• _WHAT YOU NEED TO DO_:
Below is a listing; repeat exactly the lines from the one containing "के टीवीटने महिला" to the one containing "Mountable wooden display", both included.

• _EXERCISE INPUT_:
= = =

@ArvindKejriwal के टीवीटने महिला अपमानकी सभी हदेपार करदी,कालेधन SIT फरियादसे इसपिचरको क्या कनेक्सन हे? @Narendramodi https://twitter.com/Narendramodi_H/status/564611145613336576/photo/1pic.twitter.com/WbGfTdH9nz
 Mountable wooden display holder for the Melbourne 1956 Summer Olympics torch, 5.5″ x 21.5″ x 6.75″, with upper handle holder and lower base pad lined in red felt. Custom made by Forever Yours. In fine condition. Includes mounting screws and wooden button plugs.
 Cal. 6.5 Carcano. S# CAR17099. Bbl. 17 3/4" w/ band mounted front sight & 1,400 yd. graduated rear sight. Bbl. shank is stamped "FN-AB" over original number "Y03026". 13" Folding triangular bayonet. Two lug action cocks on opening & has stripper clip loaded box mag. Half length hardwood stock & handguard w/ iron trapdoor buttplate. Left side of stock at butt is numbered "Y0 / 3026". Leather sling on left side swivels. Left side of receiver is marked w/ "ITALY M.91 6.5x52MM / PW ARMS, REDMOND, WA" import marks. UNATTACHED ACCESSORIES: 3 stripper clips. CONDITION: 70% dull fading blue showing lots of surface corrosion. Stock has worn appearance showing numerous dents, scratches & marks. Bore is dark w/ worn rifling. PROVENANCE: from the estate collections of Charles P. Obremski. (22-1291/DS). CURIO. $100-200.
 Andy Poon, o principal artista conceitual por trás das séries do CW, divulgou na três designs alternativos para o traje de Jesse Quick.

= = =

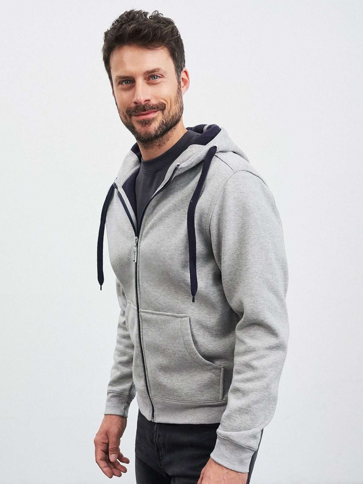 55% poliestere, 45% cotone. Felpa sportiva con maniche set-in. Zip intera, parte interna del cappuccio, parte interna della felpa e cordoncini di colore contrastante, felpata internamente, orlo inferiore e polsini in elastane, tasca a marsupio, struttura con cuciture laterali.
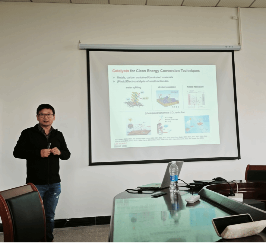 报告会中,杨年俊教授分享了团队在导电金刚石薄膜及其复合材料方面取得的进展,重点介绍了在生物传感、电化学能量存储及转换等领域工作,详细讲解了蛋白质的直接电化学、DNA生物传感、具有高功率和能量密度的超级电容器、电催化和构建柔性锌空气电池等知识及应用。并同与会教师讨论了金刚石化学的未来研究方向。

= = =

• _RESPONSE FOR THIS EXERCISE_:
@ArvindKejriwal के टीवीटने महिला अपमानकी सभी हदेपार करदी,कालेधन SIT फरियादसे इसपिचरको क्या कनेक्सन हे? @Narendramodi https://twitter.com/Narendramodi_H/status/564611145613336576/photo/1pic.twitter.com/WbGfTdH9nz
 Mountable wooden display holder for the Melbourne 1956 Summer Olympics torch, 5.5″ x 21.5″ x 6.75″, with upper handle holder and lower base pad lined in red felt. Custom made by Forever Yours. In fine condition. Includes mounting screws and wooden button plugs.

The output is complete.